Today, Rosterfy works with over 3 million volunteers in 35 countries. Their market leading technology helps to create an engaging experience throughout the whole lifecycle of a volunteer journey. They work with a broad range of clients, big and small, to streamline volunteer management. In 2024, Rosterfy celebrated their inclusion in the AFR BOSS Most Innovative Companies list, ranking in the top 10 companies for technology.

The Engagement

Like many start-up and scale-up organisations, Rosterfy are interested in improving their application observability. Having invested in observability tooling for specific niches within their application, like custom exception alerting developed in-house, exception stack trace reporting using BugSnag, and a comprehensive dashboard that derives metrics from consolidated application logs, Rosterfy sought out third-party guidance to achieve better observability maturity.

Midnyte City agreed to conduct a review of Rosterfy’s current application observability, with the goal of identifying actionable areas of uplift and developing a roadmap to guide Rosterfy’s journey into better application observability.

The Review

What is Rosterfy doing well?

Rosterfy’s exception reporting is particularly advanced.

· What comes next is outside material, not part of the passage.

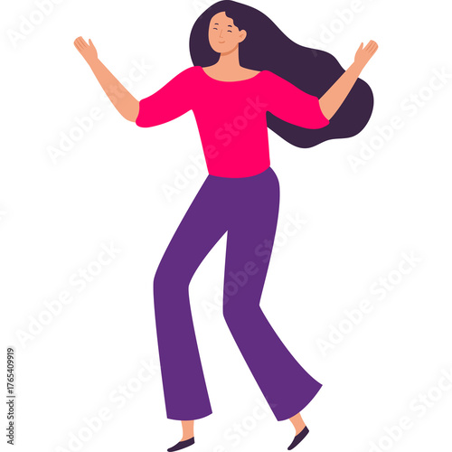 Fototapeta premium A Dancing Woman With Long Dark Hair Wearing A Pink Top And Purple Pants In A...

It’s important to know when your application is throwing exceptions, as it’s a great indicator that users are having a bad time.

Consolidating their logs into a single environment within AWS is also a mature approach towards application observability, and the dashboard created from this consolidated logging in AWS CloudWatch demonstrates excellent insights into the application’s performance, and subsequently user experience.
‍

What exists, that could be improved upon?

Structured Logging

Uplifting logging solutions from plain string-based logging to structured logging provides immediate gains to the ease of understanding telemetry data. Any good observability backend will allow users to query structured logs across any arbitrary field, so this structure allows insights to be derived from queries across multiple logs, instead of only looking at the output of individual logs (or awkwardly deriving multi-log insights using fragile string-matching techniques).

Rosterfy were already using structured logging across most of their application, so an easy win identified was to uplift all logs to structured logging to permit consistent querying for all telemetry data.
‍

Logical transaction correlation using hard context

More powerful telemetry insights can be derived from logs that are grouped into logical transactions, which refers to the set of application events connected to a given trigger point, like a user request or scheduled cron job.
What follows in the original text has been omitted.